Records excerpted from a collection
----------------

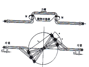 旋轉(zhuǎn)補(bǔ)償器的補(bǔ)償原理與鉸鏈型波形膨脹節(jié)相似,要用兩個(gè)或者兩個(gè)以上的補(bǔ)償器組合,利用其角位移的變化才能補(bǔ)償位移。兩者_(dá)的不同_是:鉸鏈型波形膨脹節(jié)是靠波紋管的變形產(chǎn)生角位移的,而旋轉(zhuǎn)補(bǔ)償器是靠旋轉(zhuǎn)管的旋轉(zhuǎn)產(chǎn)生角位移的,它需要一個(gè)力(由管道熱膨脹產(chǎn)生)和一個(gè)力臂形成一個(gè)力矩才能推動(dòng)其旋轉(zhuǎn)。因此,它不能與管道中心線同心,而應(yīng)與其垂直,這樣才能通過設(shè)置一個(gè)力臂連接兩個(gè)旋轉(zhuǎn)補(bǔ)償器。當(dāng)一端管道熱膨脹推動(dòng)力臂沿一個(gè)旋轉(zhuǎn)補(bǔ)償器旋轉(zhuǎn)時(shí)產(chǎn)生一個(gè)力矩,連接力臂另一個(gè)的旋轉(zhuǎn)波紋補(bǔ)償器產(chǎn)生一個(gè)反力矩,一對力矩大小相等,方向相反,形成力偶,達(dá)到力的平衡。
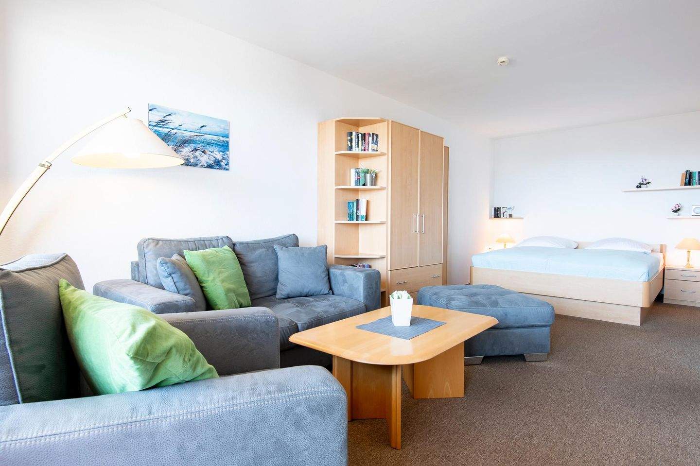 In dieser 2-Zimmer-Ferienwohnung können Sie Ihren Urlaub mit bis zu 4 Personen auf ca. 46 m² verbringen. Die Wohnung befindet sich in der 4. Etage der Apartmentanlage Berolina und verfügt über einen Balkon mit Meerblick.
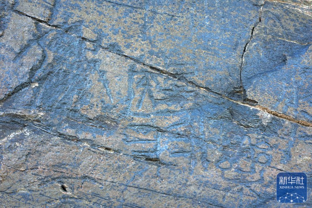 ↑ 7月25日拍摄的“尕日塘秦刻石”。新华社记者 杜笑微 摄
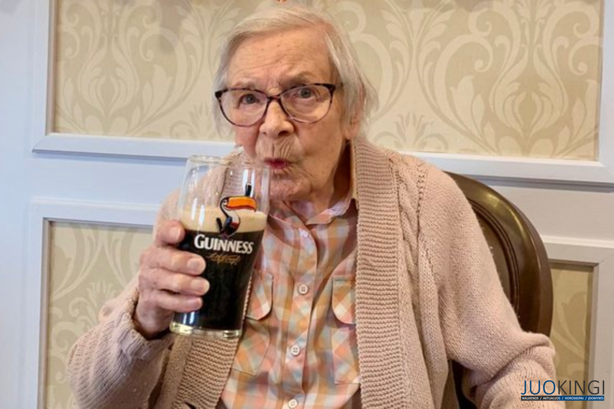 105-ojo gimtadienio proga senelių globos namų darbuotojai jai surengė linksmą vakarėlį. Moteris gavo krepšį „Guinness“ alaus, virtuvinę prijuostę, šlepetes, šokolado ir garsiojo „Guinness“ juodojo alaus, pranešė globos namai.
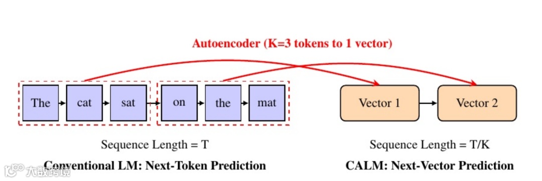 CALM实现了从离散的下一个标记预测到连续的下一个向量预测的范式转变:
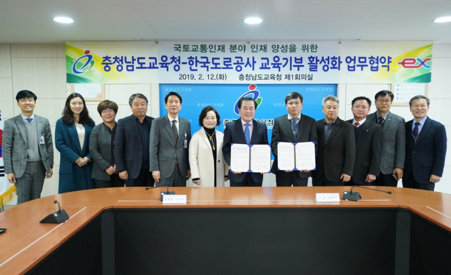 충남도교육청(교육감 김지철)은 12일 도교육청 회의실에서 국토교통분야 기술·기능인재 양성을 위해 한국도로공사 아산천안건설사업단(단장 임철훈)과 업무협약을 체결했다. 이번 협약을 통해 학생들에게 기술지식 습득을 위한 이론과 실습, 진로탐색을 위한 현장체험, 학생과 교사 대상 프로그램 개발 운영 등 토목전공 특성화고 학생들의 직무능력 향상을 지원한다. 또한 국토교통분야 기술·기능 인재의 현장업무능력을 높이고 일자리 창출을 위해 양 기관이 협력하기로 하고 특성화고 학생들의 직업역량강화를 위해 인적·물적 자원을 지원하기로 했다. 특히 한국도로공사 협력 건설기업이 참여하여 학생들의 현장실무교육을 지원하고 채용까지 연계할 계획이다. 김지철 교육감은“특성화고 학생들의 꿈을 지원하기로 약속해준 한국도로공사와 대우건설, 롯데건설, 현대산업개발 관계자분들께 감사드리며, 우리 학생들은 4차 산업시대에 대한민국을 이끌어 나아갈 뛰어난 기술·기능인들로 성장해 나아가도록 우리 사회가 최선을 다해야 한다.”라고 했다. 임철훈 단장은 “우리나라 기술·기능인재 양성에 도움이 되어 기쁘게 생각하며 앞으로도 국토교통분야 전문기술·기능인재 양성을 위해 적극적으로 지원하겠다.”고 했다. 충남도교육청은 특성화고 학생들이 꿈을 이룰 수 있도록 전문기술·기능 인재로서 능력을 높이기 위해 취업역량강화사업을 지원하고, 세계 기술인재로 발돋움할 수 있도록 글로벌 현장학습 등 다양한 지원책을 마련하여 시행하고 있다.
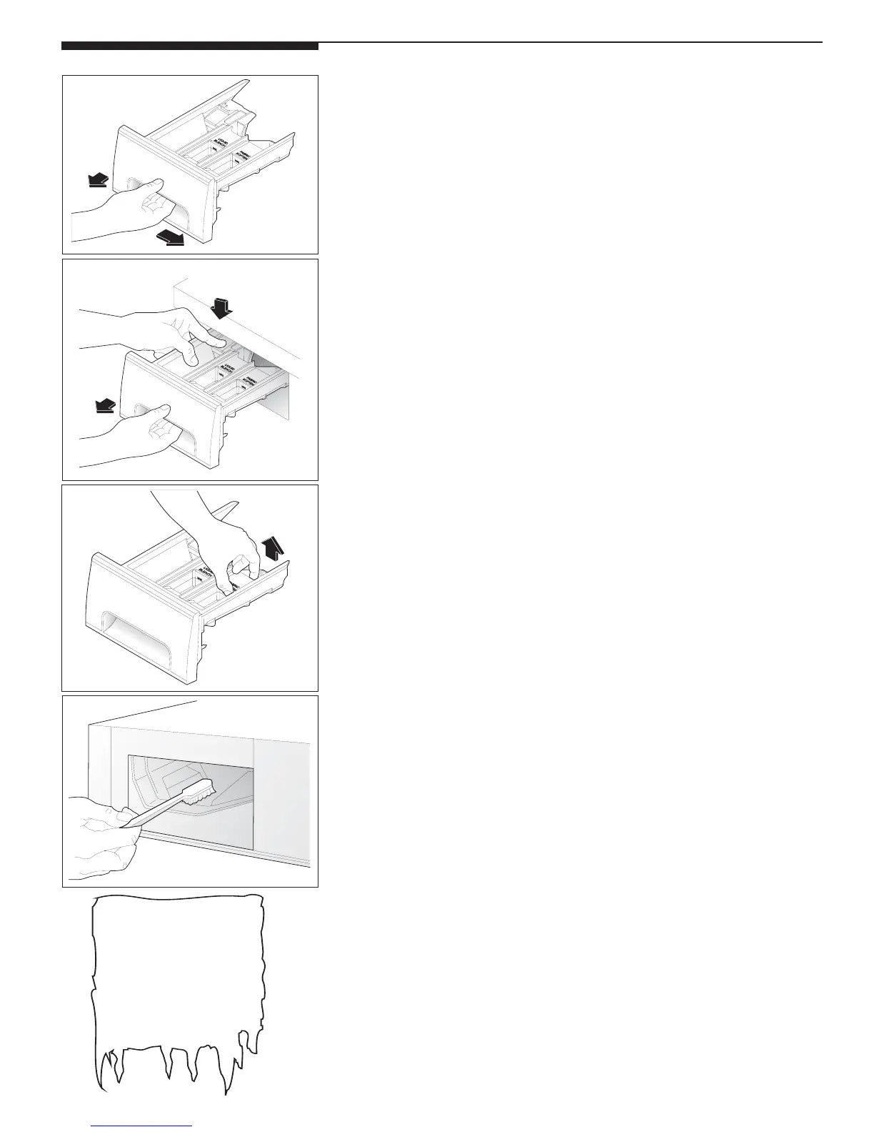 • To clean the drawer opening, use a small brush to clean the recess. Remove
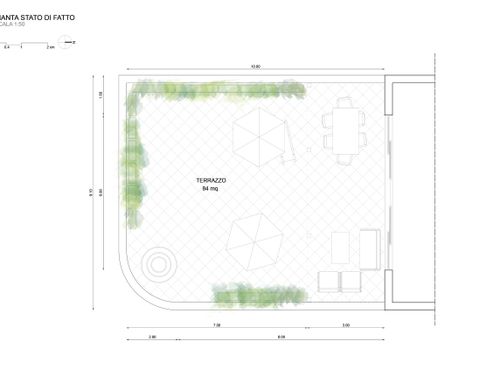 Abbiamo necessità di sostituire la pavimentazione del nostro terrazzo. Dato che l’intervento è invasivo abbiamo deciso di stravolgere lo stile del nostro spazio esterno. Il design deve essere contemporaneo, fresco, di forte impatto visivo. Non sappiamo se preferire un rivestimento flottante o una gettata di microcemento. Sicuramente vogliamo che sia eccezionalmente duraturo e vogliamo coprire la metà della metratura con una pergola che deve esse autoportante per la normativa del nostro comune. Oggi una serie di vasi con gelsomini ci garantiscono privacy e la vista del verde cui teniamo molto. I gelsomini si sono rivelati la scelta giusta perché sufficientemente rustici da resistere in vaso su un terrazzo esposto a sud, ma perdono molte foglie che intasano i canali di scarico, perciò la scelta di come distribuire il verde sarà strategica. Abbiamo anche necessità di una quinta o un piccolo angolo dove riporre la scopa e qualche piccolo attrezzo. Il terrazzo misura 8*10 mq , nonostante non abbiamo case prossime al nostro spazio, la privacy è importante e come delimitare il perimetro sarà una scelta fondamentale. Siamo alla ricerca di soluzioni contemporanee, vogliamo che sia incluso nell'architettura un elemento che sia di intrattenimento per i bambini ed allo stesso tempo di forte impatto dal punto di vista del design come un' altalena o uno scivolo,un rifugio, una vasca , o una sabbiera. La pergola dovrà coprire la metà dell'area per permetterci di stare all'aperto anche in caso di pioggia lieve. Vorremmo mantenere l'arredo ma non è fondamentale. Particolare attenzione va data alla scelta dei materiali e all'illuminazione che dovrà creare un ambiente suggestivo di sera. Il budget è un punto fondamentale del progetto: non abbiamo ancora definito il nostro tetto di spesa ma valuteremo anche in base questo elemento.
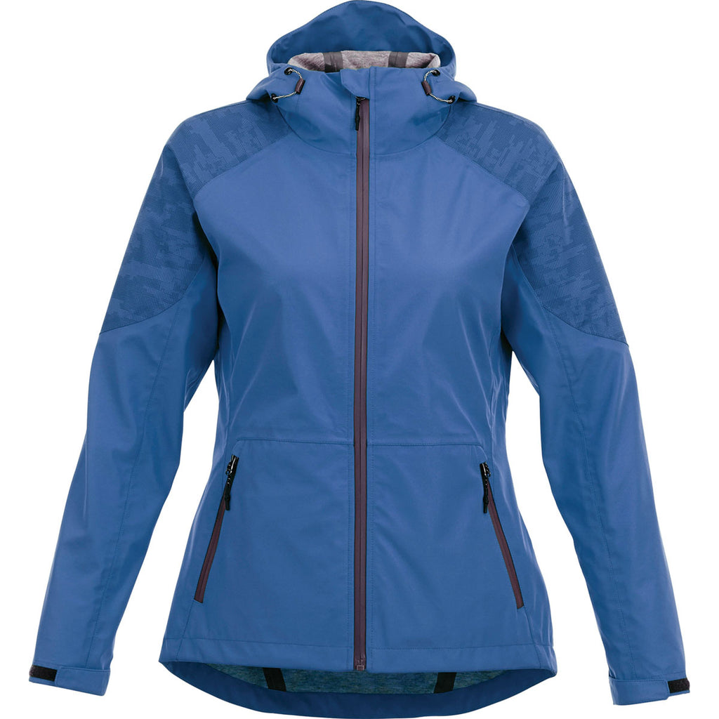 Have your team customers and employees represent your company with a custom logo on this waterproof jacket for women. Whether it's a heavy rainfall or unexpected spring shower, Elevate Women's New Royal Index Softshell Jacket will weather both. Designed to be used as day-in, day-out outerwear all the time with a higher order of quality. Boasts a three-layer construction with a waterproof breathable membrane, water repellent finish and fully seam sealed. You can have this jacket adorned with your company or organization's logo for a uniform, tradeshow attire, corporate gift or business giveaway. The more exposure your logo or name receives, the more likely you are to welcome new customers and see your business thrive.Corresponding Men's Style: Elevate Men's New Royal Index Softshell Jacket

----------------

Assigned task:
Transcribe the data word for word, with no images.

Answer:
 旋轉(zhuǎn)補(bǔ)償器的補(bǔ)償原理與鉸鏈型波形膨脹節(jié)相似,要用兩個(gè)或者兩個(gè)以上的補(bǔ)償器組合,利用其角位移的變化才能補(bǔ)償位移。兩者_(dá)的不同_是:鉸鏈型波形膨脹節(jié)是靠波紋管的變形產(chǎn)生角位移的,而旋轉(zhuǎn)補(bǔ)償器是靠旋轉(zhuǎn)管的旋轉(zhuǎn)產(chǎn)生角位移的,它需要一個(gè)力(由管道熱膨脹產(chǎn)生)和一個(gè)力臂形成一個(gè)力矩才能推動(dòng)其旋轉(zhuǎn)。因此,它不能與管道中心線同心,而應(yīng)與其垂直,這樣才能通過設(shè)置一個(gè)力臂連接兩個(gè)旋轉(zhuǎn)補(bǔ)償器。當(dāng)一端管道熱膨脹推動(dòng)力臂沿一個(gè)旋轉(zhuǎn)補(bǔ)償器旋轉(zhuǎn)時(shí)產(chǎn)生一個(gè)力矩,連接力臂另一個(gè)的旋轉(zhuǎn)波紋補(bǔ)償器產(chǎn)生一個(gè)反力矩,一對力矩大小相等,方向相反,形成力偶,達(dá)到力的平衡。
 In dieser 2-Zimmer-Ferienwohnung können Sie Ihren Urlaub mit bis zu 4 Personen auf ca. 46 m² verbringen. Die Wohnung befindet sich in der 4. Etage der Apartmentanlage Berolina und verfügt über einen Balkon mit Meerblick.
 ↑ 7月25日拍摄的“尕日塘秦刻石”。新华社记者 杜笑微 摄
 105-ojo gimtadienio proga senelių globos namų darbuotojai jai surengė linksmą vakarėlį. Moteris gavo krepšį „Guinness“ alaus, virtuvinę prijuostę, šlepetes, šokolado ir garsiojo „Guinness“ juodojo alaus, pranešė globos namai.
 CALM实现了从离散的下一个标记预测到连续的下一个向量预测的范式转变:
 충남도교육청(교육감 김지철)은 12일 도교육청 회의실에서 국토교통분야 기술·기능인재 양성을 위해 한국도로공사 아산천안건설사업단(단장 임철훈)과 업무협약을 체결했다. 이번 협약을 통해 학생들에게 기술지식 습득을 위한 이론과 실습, 진로탐색을 위한 현장체험, 학생과 교사 대상 프로그램 개발 운영 등 토목전공 특성화고 학생들의 직무능력 향상을 지원한다. 또한 국토교통분야 기술·기능 인재의 현장업무능력을 높이고 일자리 창출을 위해 양 기관이 협력하기로 하고 특성화고 학생들의 직업역량강화를 위해 인적·물적 자원을 지원하기로 했다. 특히 한국도로공사 협력 건설기업이 참여하여 학생들의 현장실무교육을 지원하고 채용까지 연계할 계획이다. 김지철 교육감은“특성화고 학생들의 꿈을 지원하기로 약속해준 한국도로공사와 대우건설, 롯데건설, 현대산업개발 관계자분들께 감사드리며, 우리 학생들은 4차 산업시대에 대한민국을 이끌어 나아갈 뛰어난 기술·기능인들로 성장해 나아가도록 우리 사회가 최선을 다해야 한다.”라고 했다. 임철훈 단장은 “우리나라 기술·기능인재 양성에 도움이 되어 기쁘게 생각하며 앞으로도 국토교통분야 전문기술·기능인재 양성을 위해 적극적으로 지원하겠다.”고 했다. 충남도교육청은 특성화고 학생들이 꿈을 이룰 수 있도록 전문기술·기능 인재로서 능력을 높이기 위해 취업역량강화사업을 지원하고, 세계 기술인재로 발돋움할 수 있도록 글로벌 현장학습 등 다양한 지원책을 마련하여 시행하고 있다.
 • To clean the drawer opening, use a small brush to clean the recess. Remove
 Abbiamo necessità di sostituire la pavimentazione del nostro terrazzo. Dato che l’intervento è invasivo abbiamo deciso di stravolgere lo stile del nostro spazio esterno. Il design deve essere contemporaneo, fresco, di forte impatto visivo. Non sappiamo se preferire un rivestimento flottante o una gettata di microcemento. Sicuramente vogliamo che sia eccezionalmente duraturo e vogliamo coprire la metà della metratura con una pergola che deve esse autoportante per la normativa del nostro comune. Oggi una serie di vasi con gelsomini ci garantiscono privacy e la vista del verde cui teniamo molto. I gelsomini si sono rivelati la scelta giusta perché sufficientemente rustici da resistere in vaso su un terrazzo esposto a sud, ma perdono molte foglie che intasano i canali di scarico, perciò la scelta di come distribuire il verde sarà strategica. Abbiamo anche necessità di una quinta o un piccolo angolo dove riporre la scopa e qualche piccolo attrezzo. Il terrazzo misura 8*10 mq , nonostante non abbiamo case prossime al nostro spazio, la privacy è importante e come delimitare il perimetro sarà una scelta fondamentale. Siamo alla ricerca di soluzioni contemporanee, vogliamo che sia incluso nell'architettura un elemento che sia di intrattenimento per i bambini ed allo stesso tempo di forte impatto dal punto di vista del design come un' altalena o uno scivolo,un rifugio, una vasca , o una sabbiera. La pergola dovrà coprire la metà dell'area per permetterci di stare all'aperto anche in caso di pioggia lieve. Vorremmo mantenere l'arredo ma non è fondamentale. Particolare attenzione va data alla scelta dei materiali e all'illuminazione che dovrà creare un ambiente suggestivo di sera. Il budget è un punto fondamentale del progetto: non abbiamo ancora definito il nostro tetto di spesa ma valuteremo anche in base questo elemento.
 Have your team customers and employees represent your company with a custom logo on this waterproof jacket for women. Whether it's a heavy rainfall or unexpected spring shower, Elevate Women's New Royal Index Softshell Jacket will weather both. Designed to be used as day-in, day-out outerwear all the time with a higher order of quality. Boasts a three-layer construction with a waterproof breathable membrane, water repellent finish and fully seam sealed. You can have this jacket adorned with your company or organization's logo for a uniform, tradeshow attire, corporate gift or business giveaway. The more exposure your logo or name receives, the more likely you are to welcome new customers and see your business thrive.Corresponding Men's Style: Elevate Men's New Royal Index Softshell Jacket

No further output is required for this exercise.